# [Material to process]
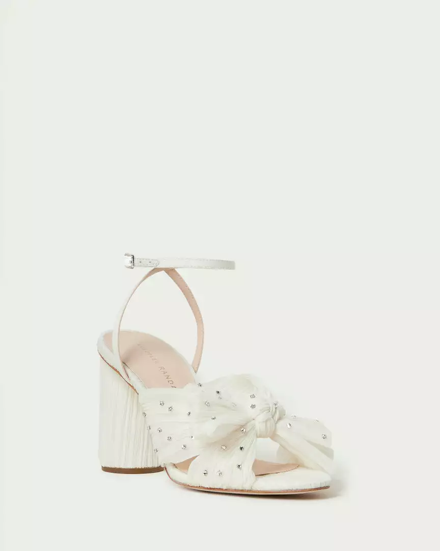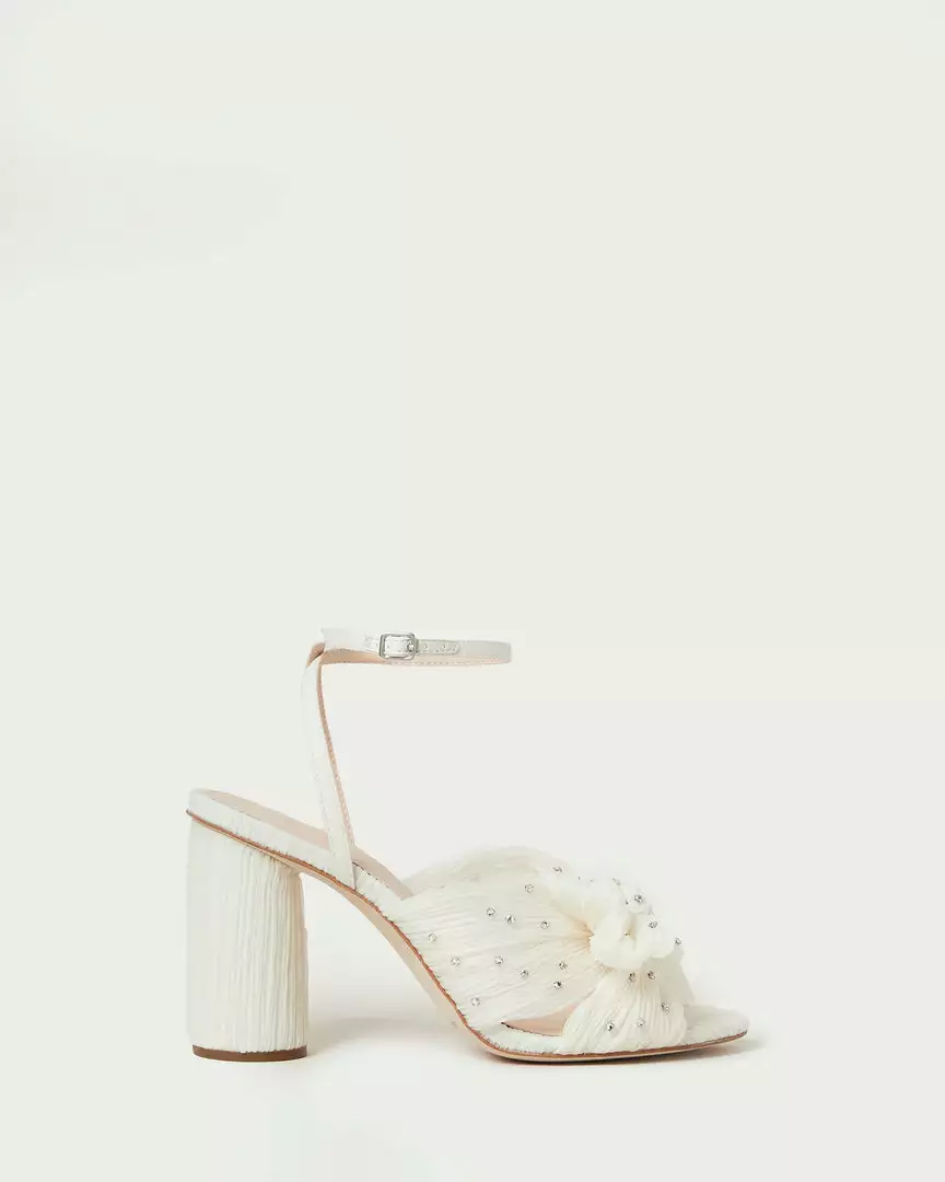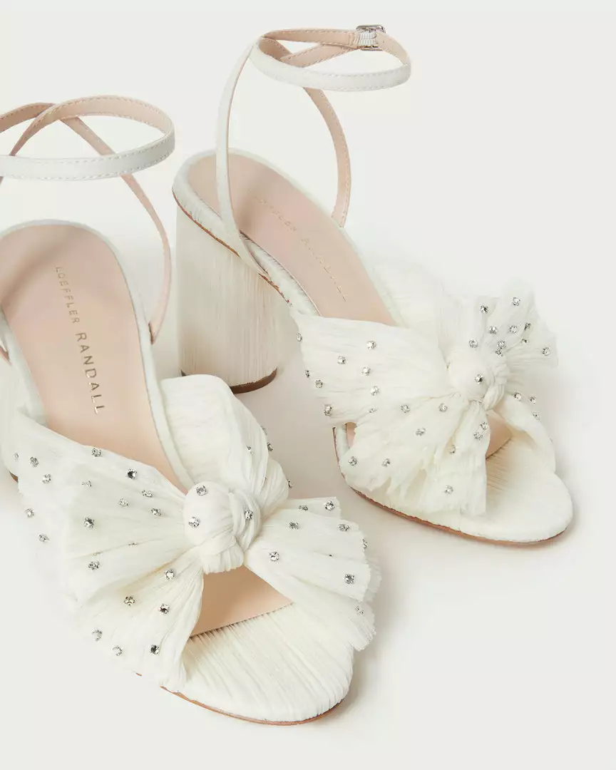 Pleated heeled sandal in ivory pearl fabric topped with our signature knotted bow and embellished with rhinestones. Features a padded footbed with gold stamped logo. Open toe with adjustable buckle ankle strap. 3.5 inch heel. Made completely from vegan-friendly materials.
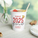 Personalized Red Graduation Party Paper Cups for the Class of 2025 featuring the graduate's name and class year with bold modern and fun typography overlay and an elegant script font with a gold graduation hat accent.
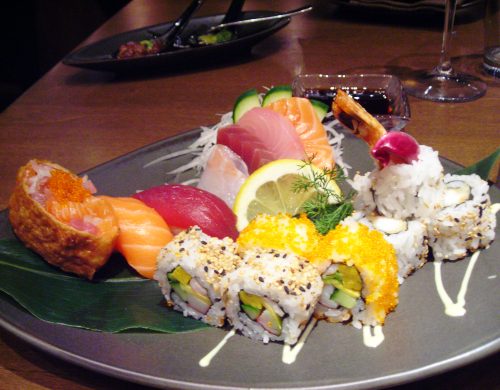 I neofiti o i fusion gourmet di lungo corso possono iniziare l’esperienza esotica con il capitolo dei sashimi, da scegliere in base a gusto e curiosità: Hamaki (ricciola), Suzuki (spigola), Hirame (rombo), Tai (dentice), Sake (salmone), Maguro (tonno), Ikura (uova di salmone) da alternare ai Nighiri sushi nei quali i maestri sushi fanno a gara nel disporre in modo artistico i filetti di pesce crudo sul letto di riso. Il consiglio è di iniziare con i sapori più tenui del pesce bianco al quale far seguire il sapore più intenso del pesce con carne rossa e delle guarnizioni più saporite offerte anche dalla fantasiosa scelta di Maki, dai più semplici composti dall’alga nori che avvolge riso e pesce, ai Raimbow con frittata e avocado, ai Futomaki (anche vegetariani), senza perdere gli Hosomaki con anguilla grigliata (Unagi) o granchio (Kani) e i croccanti Ebi Ten con gamberi fritti.
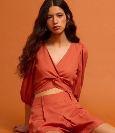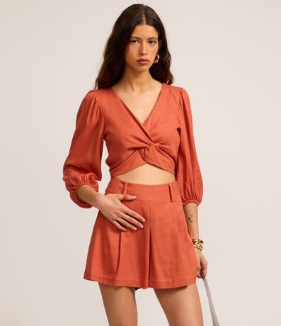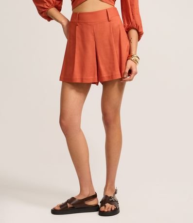 Ref: Short feminino curto com cós passante e pregas. Produto confeccionado com linho e viscose certificado.
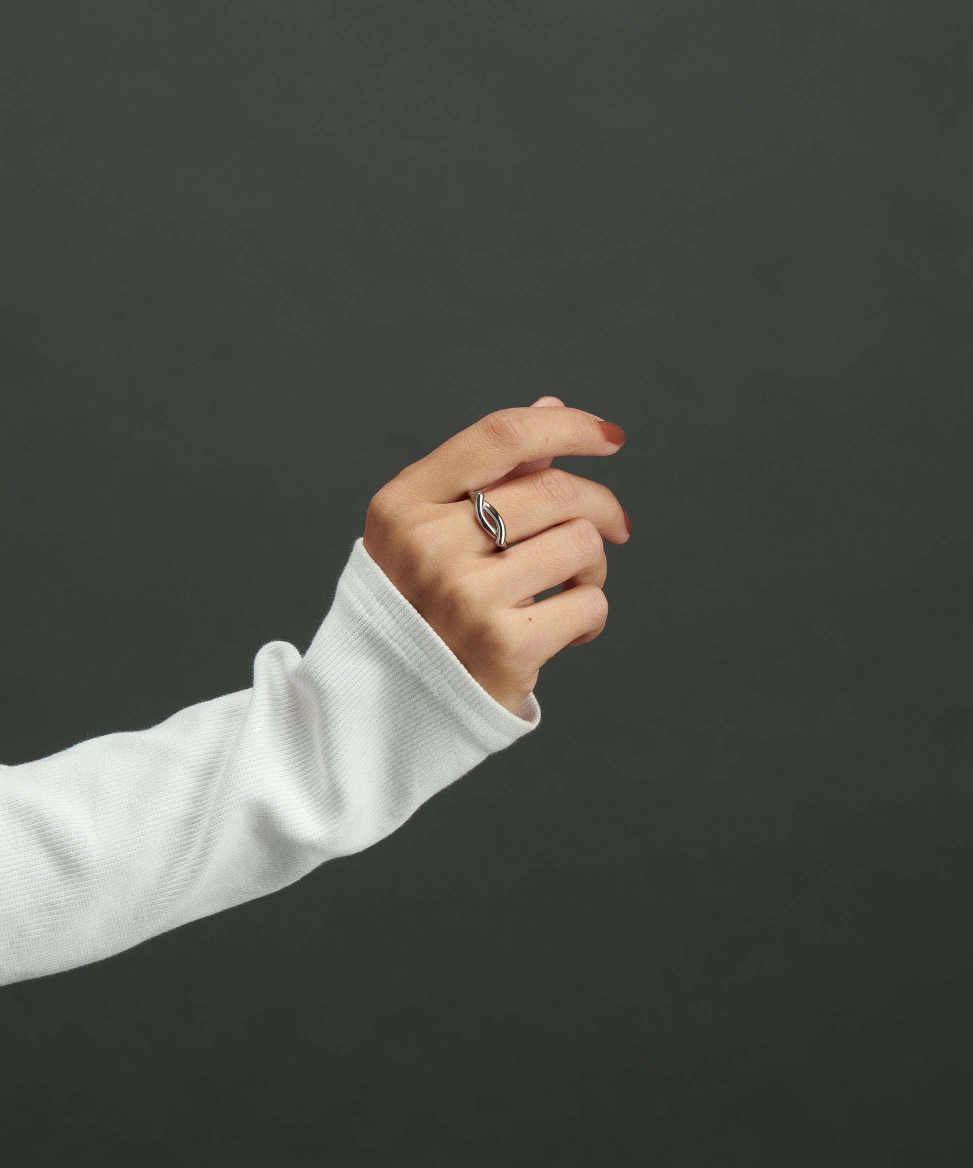 センターにひねりを加えたデザインが、ハンドメイドのような温かみを感じさせるリング。手元に立体感と動きを。
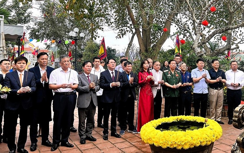 | Các đồng chí lãnh đạo thực hiện nghi thức dâng hương. |
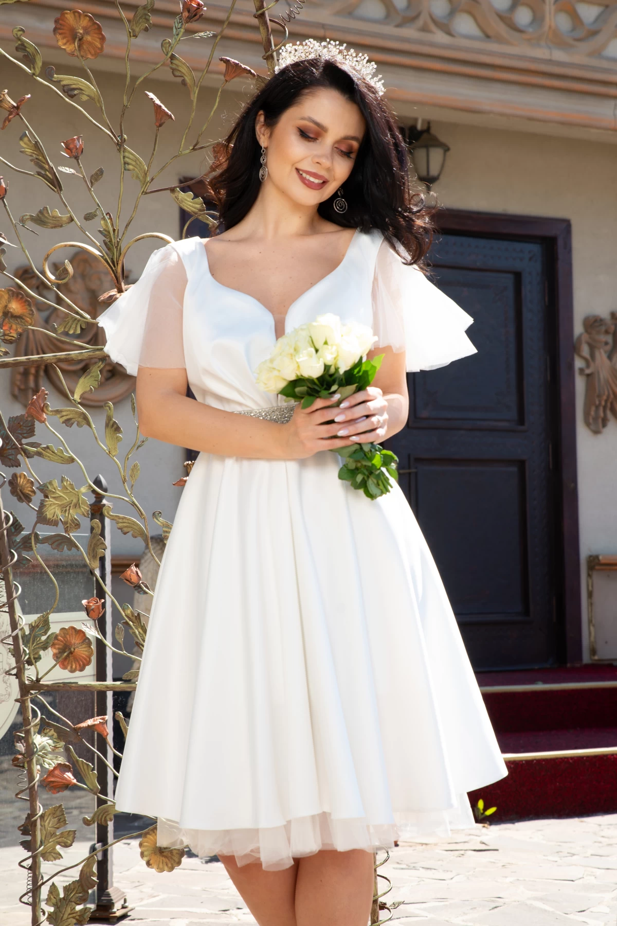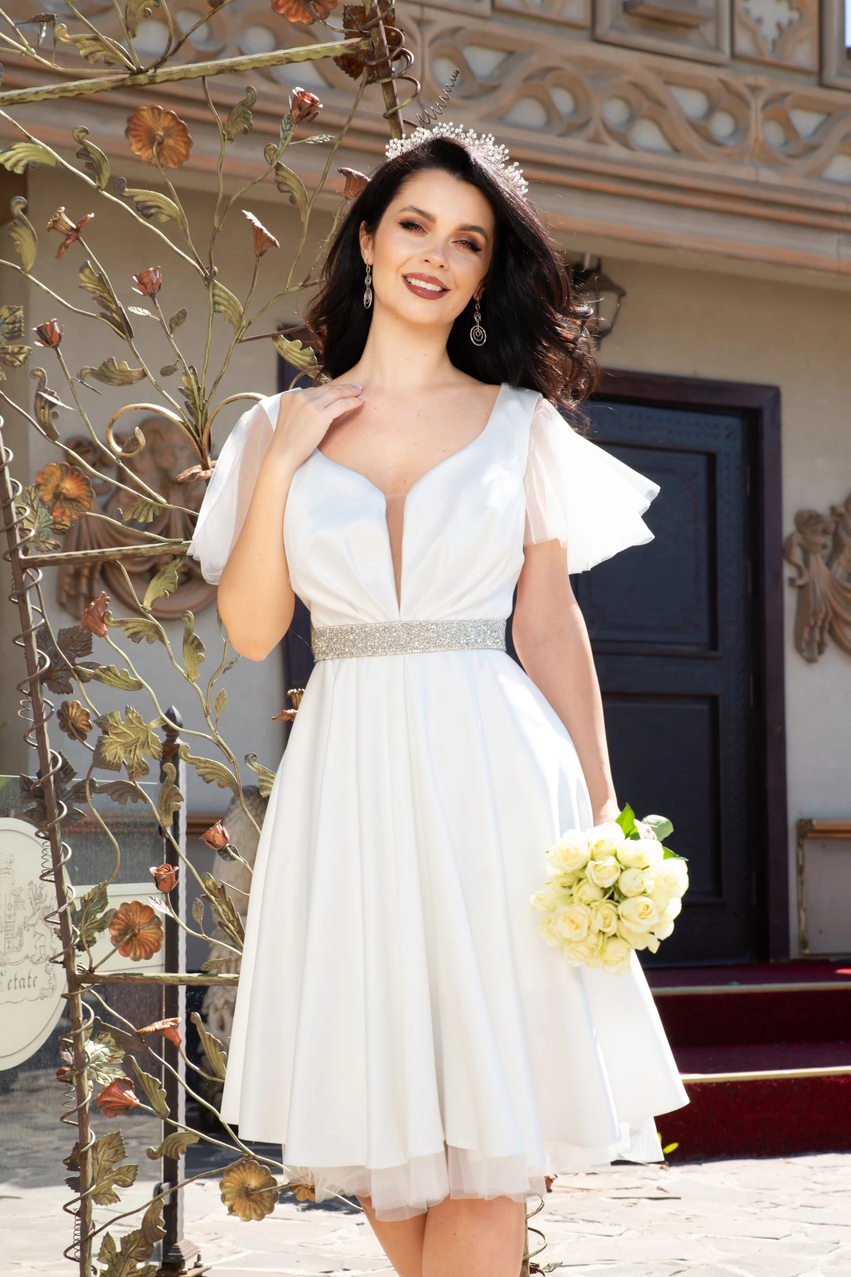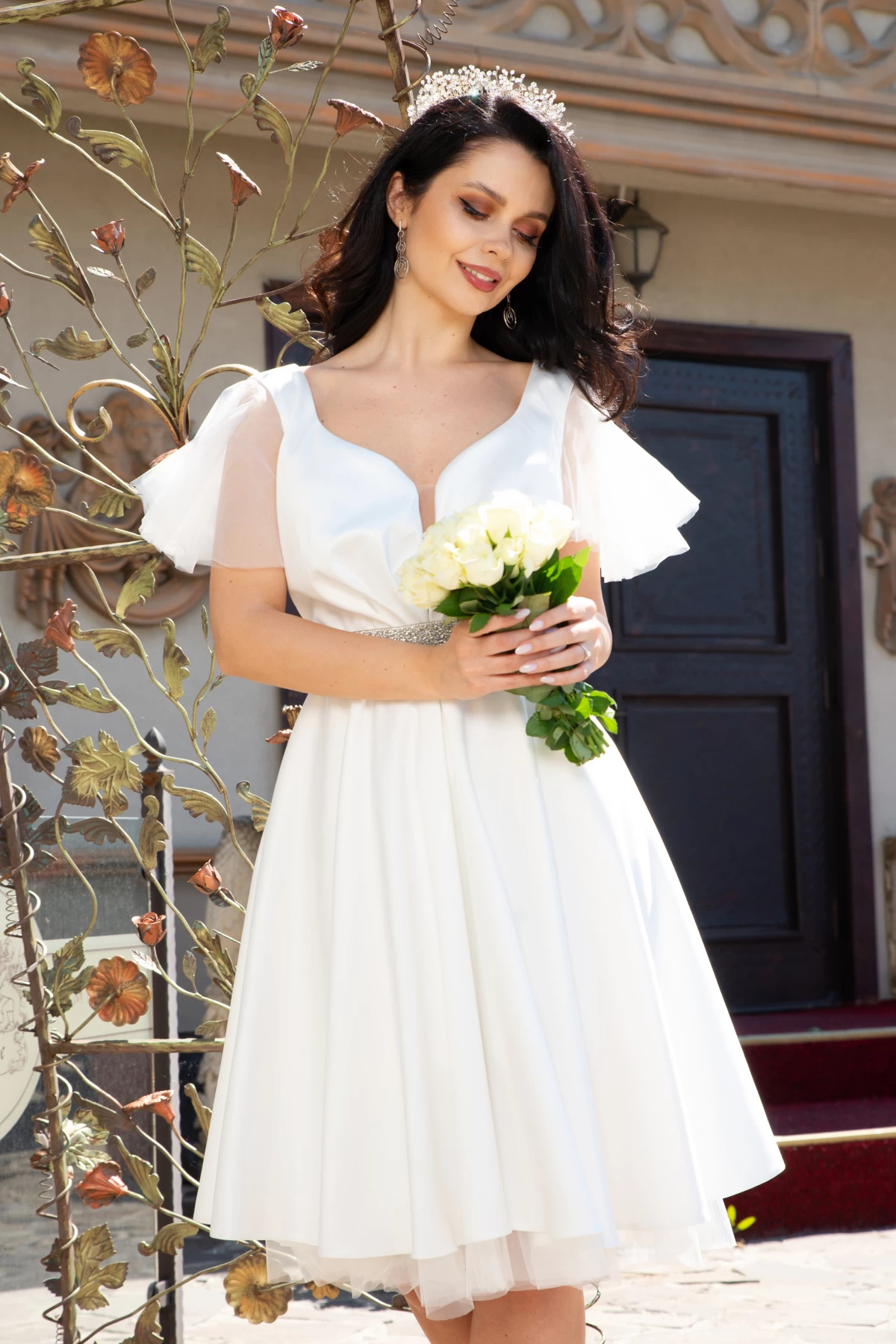 Rochie alba de cununie Argentina in clos cu volane din tulle

# [What to produce]
Excluding the pictures, write out exactly the lines from the line that contains "Personalized Red Graduation" through the end of the records.

# [Result of the exercise]
 Personalized Red Graduation Party Paper Cups for the Class of 2025 featuring the graduate's name and class year with bold modern and fun typography overlay and an elegant script font with a gold graduation hat accent.
 I neofiti o i fusion gourmet di lungo corso possono iniziare l’esperienza esotica con il capitolo dei sashimi, da scegliere in base a gusto e curiosità: Hamaki (ricciola), Suzuki (spigola), Hirame (rombo), Tai (dentice), Sake (salmone), Maguro (tonno), Ikura (uova di salmone) da alternare ai Nighiri sushi nei quali i maestri sushi fanno a gara nel disporre in modo artistico i filetti di pesce crudo sul letto di riso. Il consiglio è di iniziare con i sapori più tenui del pesce bianco al quale far seguire il sapore più intenso del pesce con carne rossa e delle guarnizioni più saporite offerte anche dalla fantasiosa scelta di Maki, dai più semplici composti dall’alga nori che avvolge riso e pesce, ai Raimbow con frittata e avocado, ai Futomaki (anche vegetariani), senza perdere gli Hosomaki con anguilla grigliata (Unagi) o granchio (Kani) e i croccanti Ebi Ten con gamberi fritti.
 Ref: Short feminino curto com cós passante e pregas. Produto confeccionado com linho e viscose certificado.
 センターにひねりを加えたデザインが、ハンドメイドのような温かみを感じさせるリング。手元に立体感と動きを。
 | Các đồng chí lãnh đạo thực hiện nghi thức dâng hương. |
 Rochie alba de cununie Argentina in clos cu volane din tulle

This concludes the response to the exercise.